→ **Problem to work on**:
Transcribe the entries below with complete accuracy, excluding the pictures.

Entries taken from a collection
= Beginning of Section =

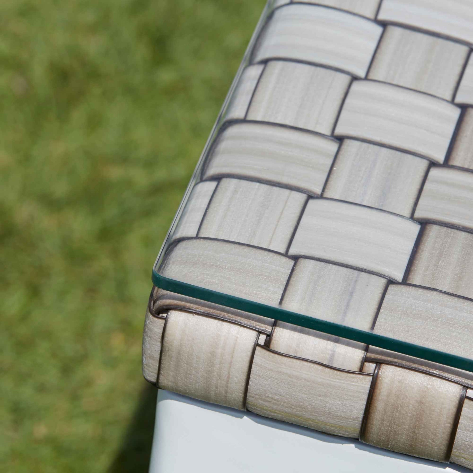Designed for larger gatherings, the Brafta Rectangular Dining Table blends modern lines with natural textures. It features a durable white aluminum frame, handwoven Ecolene Seashell fiber, and a tempered glass top—perfect for hosting sunny brunches or elegant alfresco dinners.
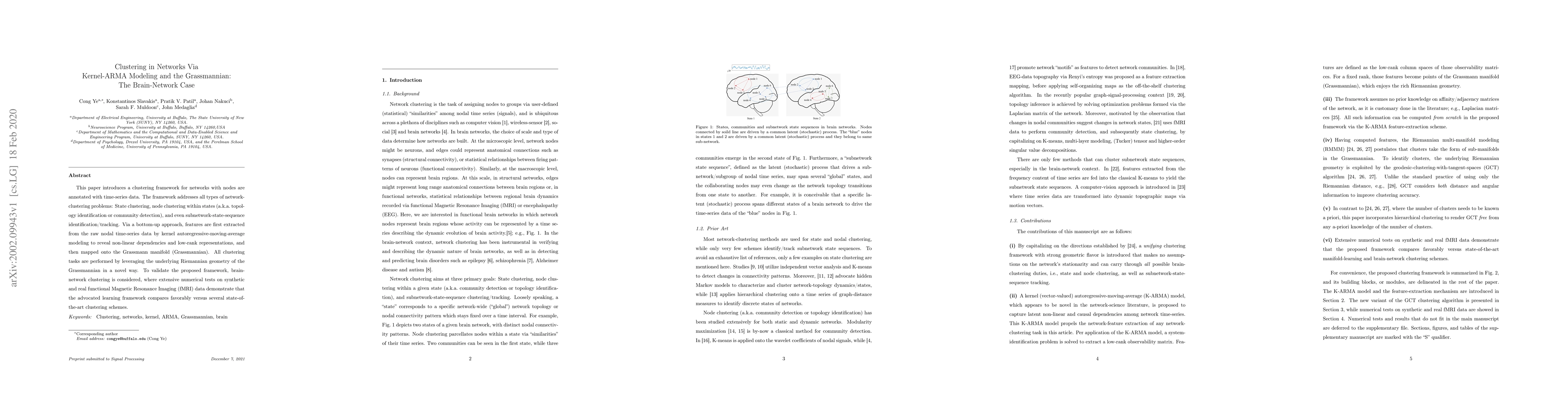 This paper introduces a clustering framework for networks with nodes annotated with time-series data. The framework addresses all types of network-clustering problems: State clustering, node clustering within states (a.k.a. topology identification or community detection), and even subnetwork-state-sequence identification/tracking. Via a bottom-up approach, features are first extracted from the raw nodal time-series data by kernel autoregressive-moving-average modeling to reveal non-linear dependencies and low-rank representations, and then mapped onto the Grassmann manifold (Grassmannian). All clustering tasks are performed by leveraging the underlying Riemannian geometry of the Grassmannian in a novel way. To validate the proposed framework, brain-network clustering is considered, where extensive numerical tests on synthetic and real functional magnetic resonance imaging (fMRI) data demonstrate that the advocated learning framework compares favorably versus several state-of-the-art clustering schemes.
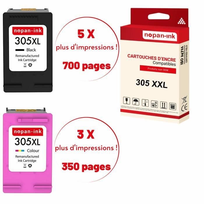 305XL tillverkad i Frankrike, 2 omgjorda bläckpatroner för HP 305 XL Svart / Färg kompatibla med DeskJet 2700 2720e 2720 2710
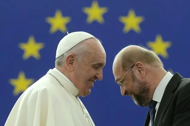 Dopo aver ascoltato l'Inno alla gioia, davanti alla folla e dopo il saluto ufficiale al presidente Martin Schulz, il Papa si è diretto al Parlamento per il primo dei due discorsi previsti. All'interno del Parlamento ha prima salutato a lungo la sua vecchia amica Elma Schmidt, una signora di 97 anni di Francoforte che lo aveva ospitato nel 1986, ai tempi del suo periodo di studio in Germania, e poi ha cominciato il suo discorso. Parole che sono state un richiamo forte alla speranza e al ritorno alla vocazione europea alla difesa dell'umanità. «Cari Eurodeputati», ha detto Francesco al termine di un lunghissimo discorso, «è giunta l’ora di costruire insieme l’Europa che ruota non intorno all’economia, ma intorno alla sacralità della persona umana, dei valori inalienabili; l’Europa che abbraccia con coraggio il suo passato e guarda con fiducia il suo futuro per vivere pienamente e con speranza il suo presente. È giunto il momento di abbandonare l’idea di un’Europa impaurita e piegata su sé stessa per suscitare e promuovere l’Europa protagonista, portatrice di scienza, di arte, di musica, di valori umani e anche di fede. L’Europa che contempla il cielo e persegue degli ideali; l’Europa che guarda, difende e tutela l’uomo; l’Europa che cammina sulla terra sicura e salda, prezioso punto di riferimento per tutta l'umanità!».
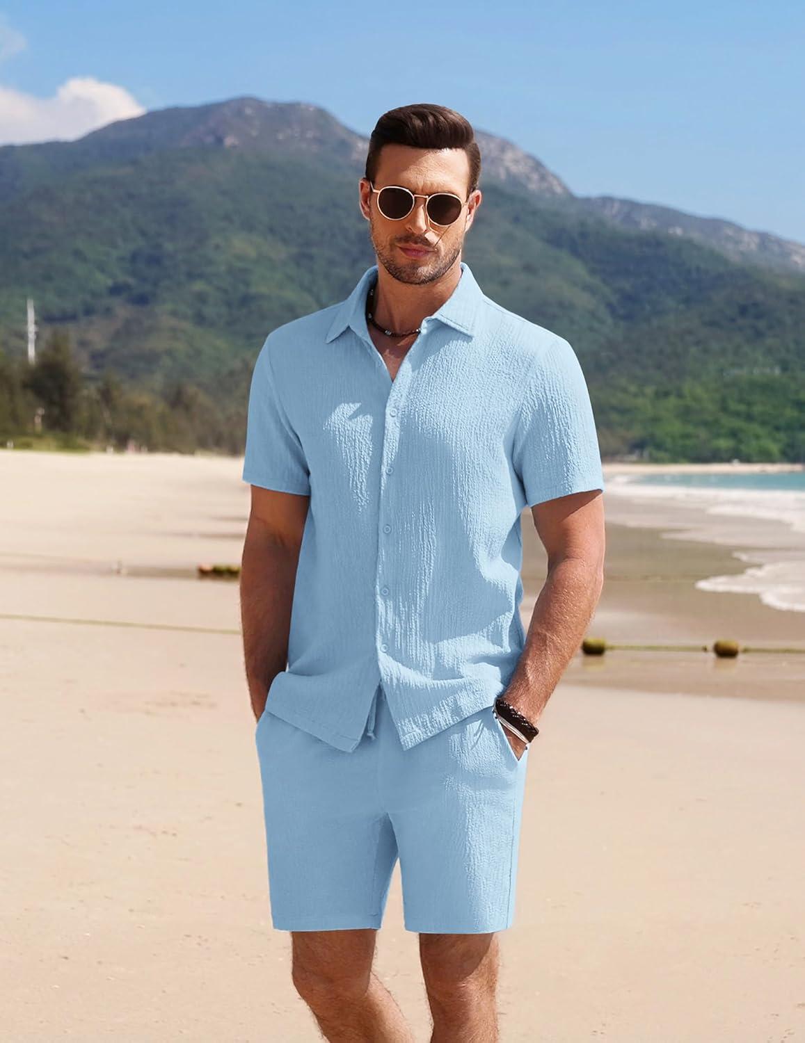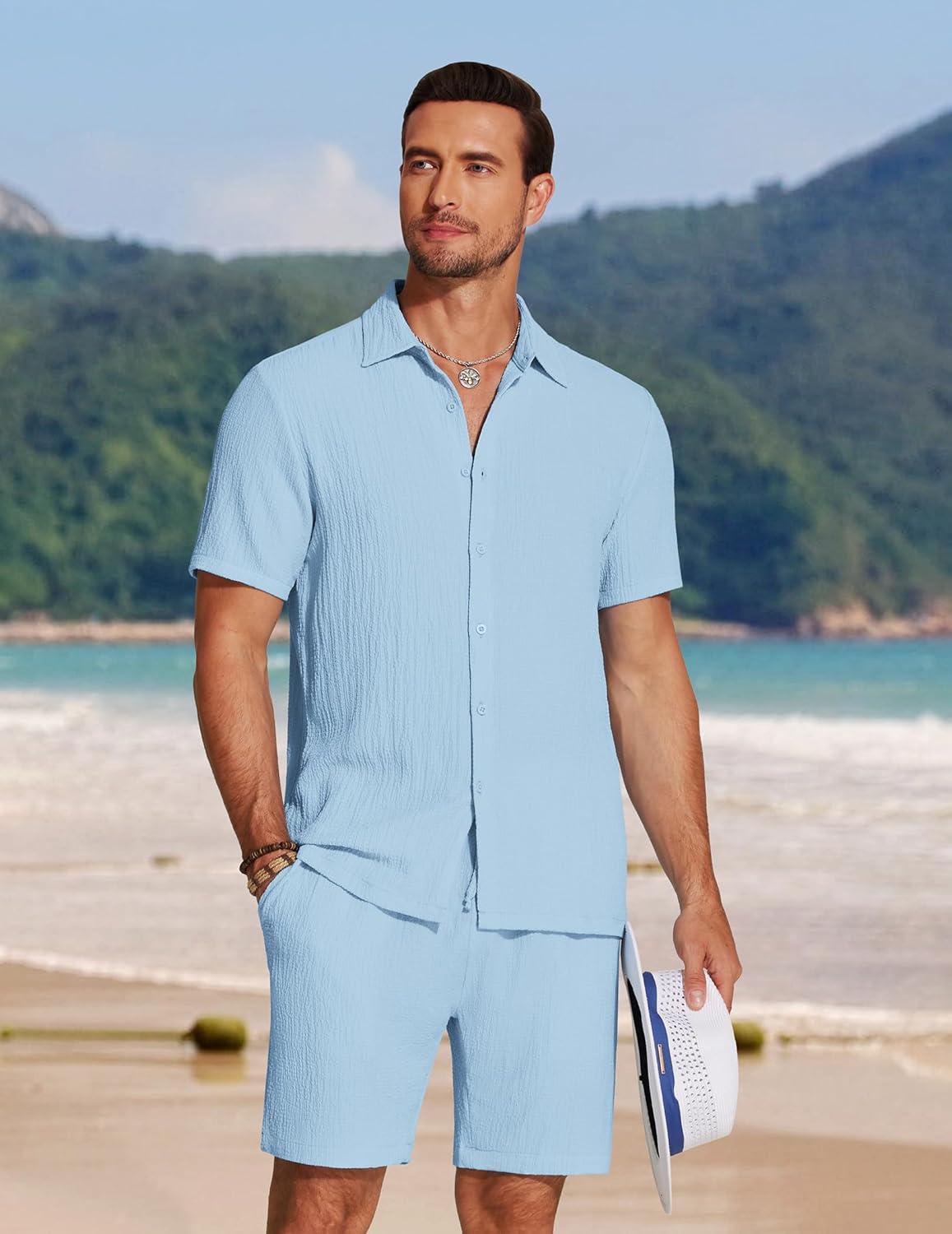 COOFANDY Men's 2 Piece Textured Outfits Beach Button Down Short Sleeve Shirt and Short Sets(Light Blue)
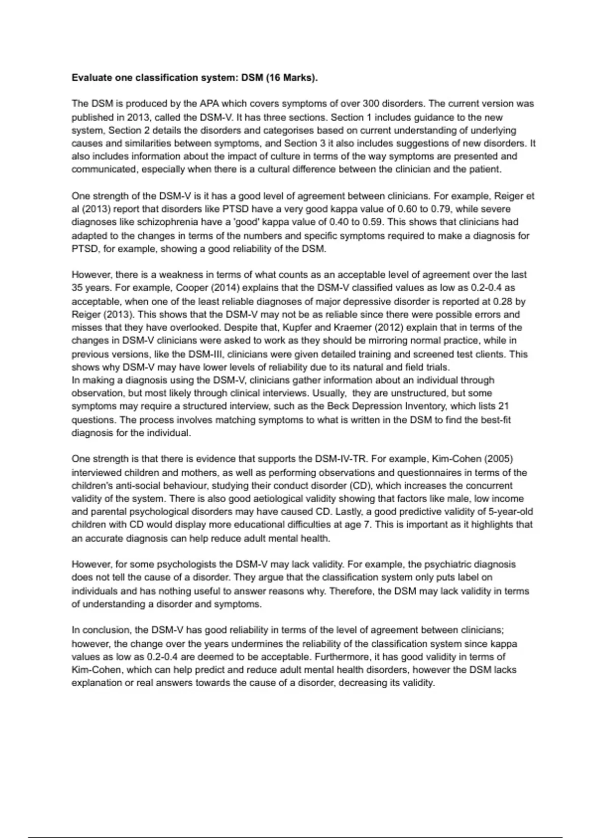 One strength of the DSM-V is it has a good level of agreement between clinicians. For example, Reiger et

= End of Section =

→ **Written response**:
Designed for larger gatherings, the Brafta Rectangular Dining Table blends modern lines with natural textures. It features a durable white aluminum frame, handwoven Ecolene Seashell fiber, and a tempered glass top—perfect for hosting sunny brunches or elegant alfresco dinners.
 This paper introduces a clustering framework for networks with nodes annotated with time-series data. The framework addresses all types of network-clustering problems: State clustering, node clustering within states (a.k.a. topology identification or community detection), and even subnetwork-state-sequence identification/tracking. Via a bottom-up approach, features are first extracted from the raw nodal time-series data by kernel autoregressive-moving-average modeling to reveal non-linear dependencies and low-rank representations, and then mapped onto the Grassmann manifold (Grassmannian). All clustering tasks are performed by leveraging the underlying Riemannian geometry of the Grassmannian in a novel way. To validate the proposed framework, brain-network clustering is considered, where extensive numerical tests on synthetic and real functional magnetic resonance imaging (fMRI) data demonstrate that the advocated learning framework compares favorably versus several state-of-the-art clustering schemes.
 305XL tillverkad i Frankrike, 2 omgjorda bläckpatroner för HP 305 XL Svart / Färg kompatibla med DeskJet 2700 2720e 2720 2710
 Dopo aver ascoltato l'Inno alla gioia, davanti alla folla e dopo il saluto ufficiale al presidente Martin Schulz, il Papa si è diretto al Parlamento per il primo dei due discorsi previsti. All'interno del Parlamento ha prima salutato a lungo la sua vecchia amica Elma Schmidt, una signora di 97 anni di Francoforte che lo aveva ospitato nel 1986, ai tempi del suo periodo di studio in Germania, e poi ha cominciato il suo discorso. Parole che sono state un richiamo forte alla speranza e al ritorno alla vocazione europea alla difesa dell'umanità. «Cari Eurodeputati», ha detto Francesco al termine di un lunghissimo discorso, «è giunta l’ora di costruire insieme l’Europa che ruota non intorno all’economia, ma intorno alla sacralità della persona umana, dei valori inalienabili; l’Europa che abbraccia con coraggio il suo passato e guarda con fiducia il suo futuro per vivere pienamente e con speranza il suo presente. È giunto il momento di abbandonare l’idea di un’Europa impaurita e piegata su sé stessa per suscitare e promuovere l’Europa protagonista, portatrice di scienza, di arte, di musica, di valori umani e anche di fede. L’Europa che contempla il cielo e persegue degli ideali; l’Europa che guarda, difende e tutela l’uomo; l’Europa che cammina sulla terra sicura e salda, prezioso punto di riferimento per tutta l'umanità!».
 COOFANDY Men's 2 Piece Textured Outfits Beach Button Down Short Sleeve Shirt and Short Sets(Light Blue)
 One strength of the DSM-V is it has a good level of agreement between clinicians. For example, Reiger et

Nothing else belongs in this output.